Tomei coragem e resolvi fazer uma aula experimental de CrossFit e logo já me identifiquei. Achei o treino bem animado, todos os alunos estavam muito entrosados e conversando. Um estimulava o outro nos exercícios e adorei isso! No fim, a atividade física começou a me ajudar a controlar o estresse e a ansiedade. Era o meu momento de desligar a mente e me reconectar comigo!

Claro que essa jornada não foi fácil: cheguei a ter efeito platô (estagnação da perda de peso) e, no início, precisei evitar alimentos que sabia que eram gatilhos para comer compulsivamente, como chocolate e pizza. Eu me comprometia com a dieta e estabelcia que, se me mantivesse 15 dias comendo corretamente, iria encaixar duas fatias de pizza nos macronutrientes do fim de semana.

Não é fácil mudar a mente e permaneço nessa construção. Tem dias que tenho vontade de comer mais, mas sempre procuro lembrar o meu propósito de ter um estilo de vida mais saudável e responsável comigo

Sou enfermeira, por isso, a pandemia mexeu muito com a minha rotina de trabalho, principalmente os horários dos turnos. Também dificultou a prática de atividade física, já que o box que eu treinava ficou um tempo fechado. O legal foi que eles começaram a emprestar equipamentos para os alunos se exercitarem em casa e a mandar vídeos com os treinos. Isso fez com que eu não me autossabotasse e também serviu como uma válvula de escape nesse período tão difícil.

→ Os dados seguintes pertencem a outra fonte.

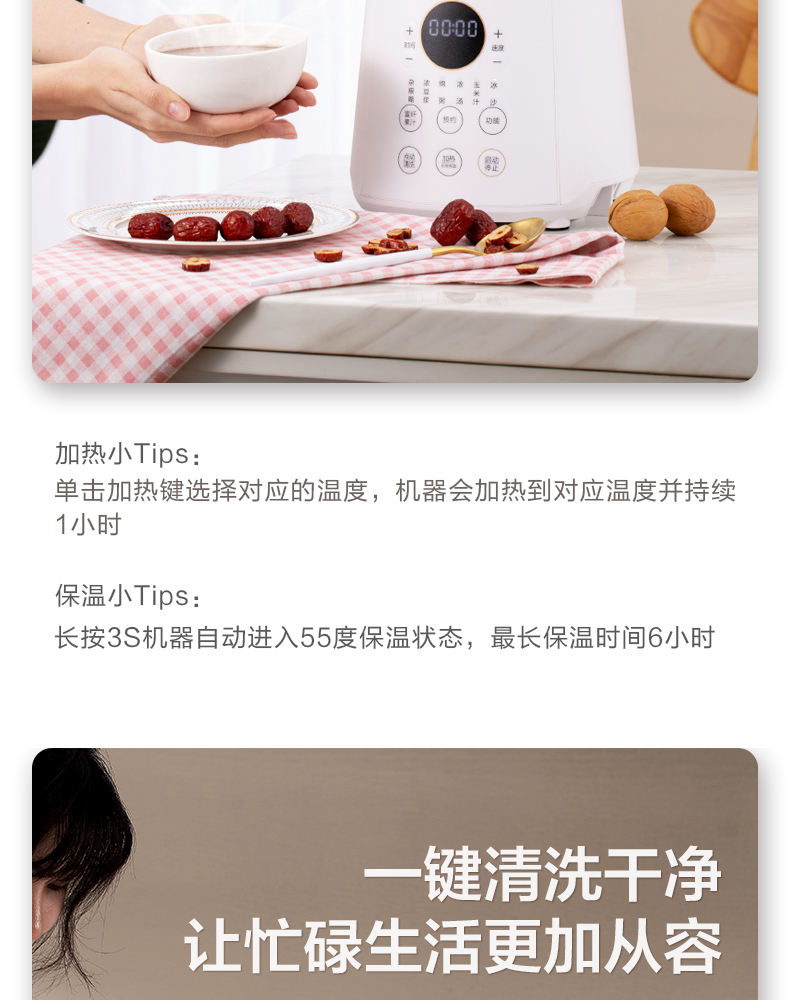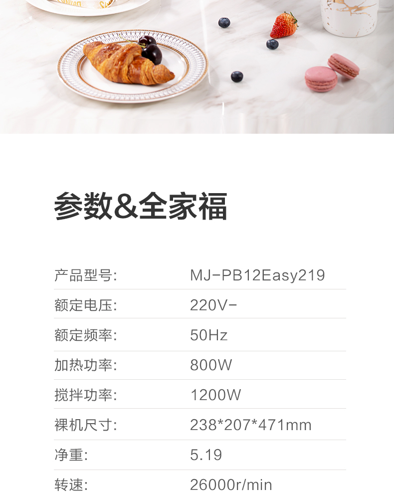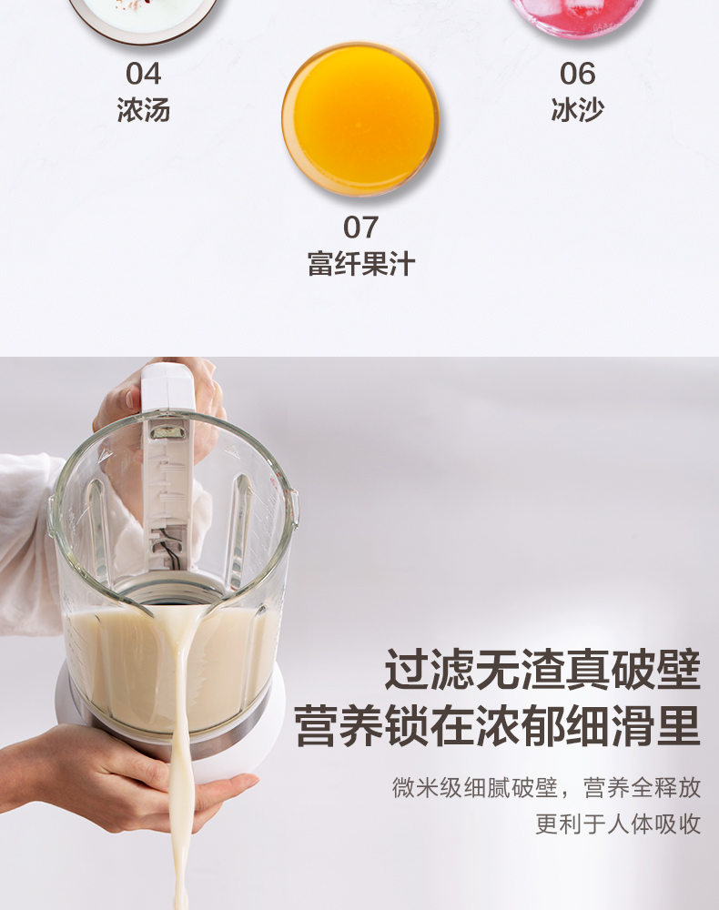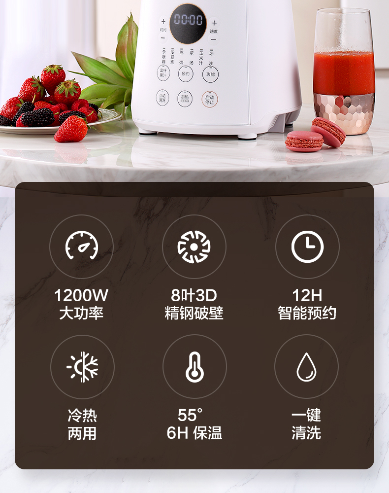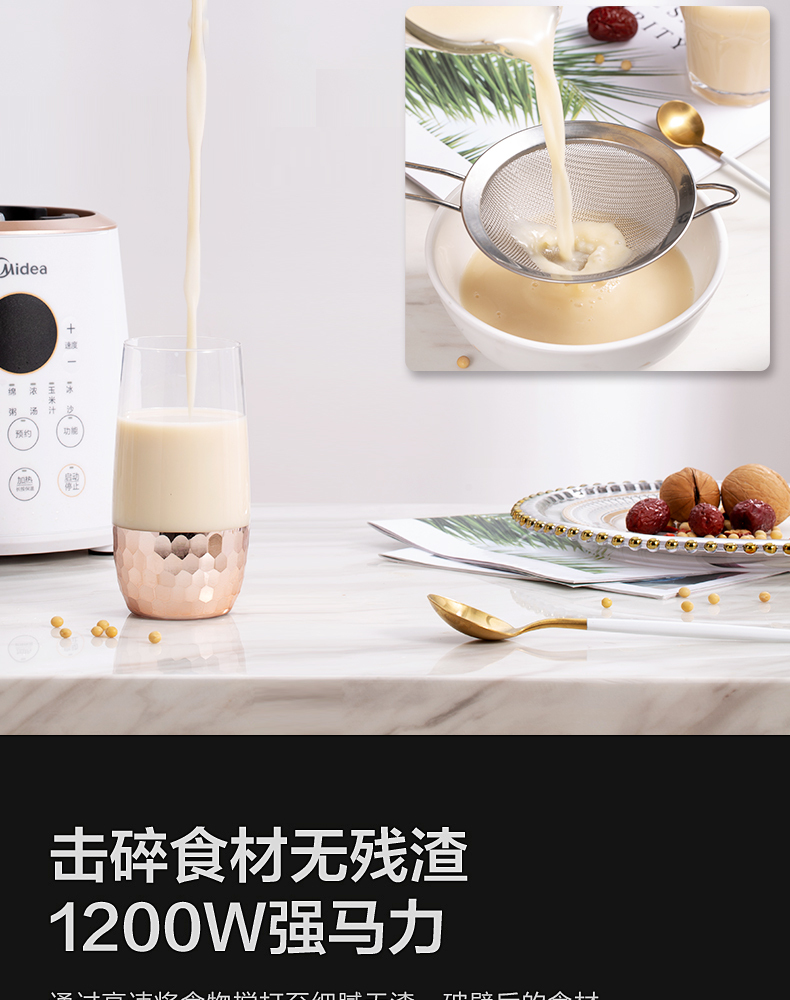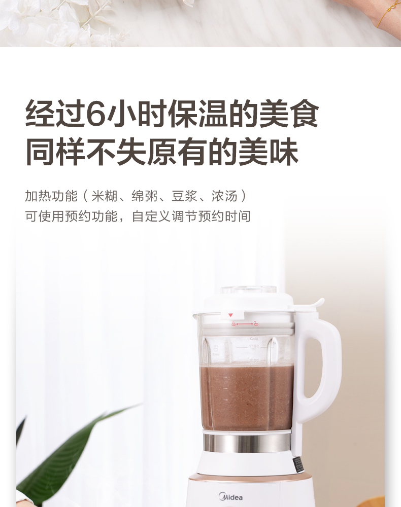 商品名称:美的养生破壁机 8叶3D精钢破壁过滤无渣 冷热两用 55°保温 MJ-PB12Easy219

Além disso, mesmo em meio ao caos, cuidei para manter a rotina o mais equilibrada possível, sempre tentando comer nos mesmos horários. Também me planejei para fazer as marmitas e separar minhas comidinhas saudáveis para o dia.

Como Emagreci - Thete - Reprodução do Instagram  - Reprodução do Instagram
Imagem: Reprodução do Instagram

De novembro de 2019 até março de 2021, emagreci 22 kg. Desde então, mantenho uma rotina saudável, sem muitas restrições alimentares e com muita atividade física. Acordo cedo para poder fazer CrossFit, cinco vezes por semana, além de pedalar de duas a três vezes na semana.

Essa mudança de estilo de vida só me trouxe coisa boa: comecei a inspirar as pessoas nas minhas redes sociais e também consegui me livrar da depressão e da ansiedade.

Gosto de reforçar que não é preciso ter dinheiro para fazer dieta. No início, eu não tinha grana para suplementos, nem nada. As pessoas precisam saber que o básico também funciona. Não é preciso comprar a farinha tal ou grão tal para emagrecer, e sim investir em uma alimentação baseada em comida de verdade, que você encontra na feira, além de reduzir o consumo de alimentos ultraprocessados e fast-food. A saúde e o bolso agradecem!"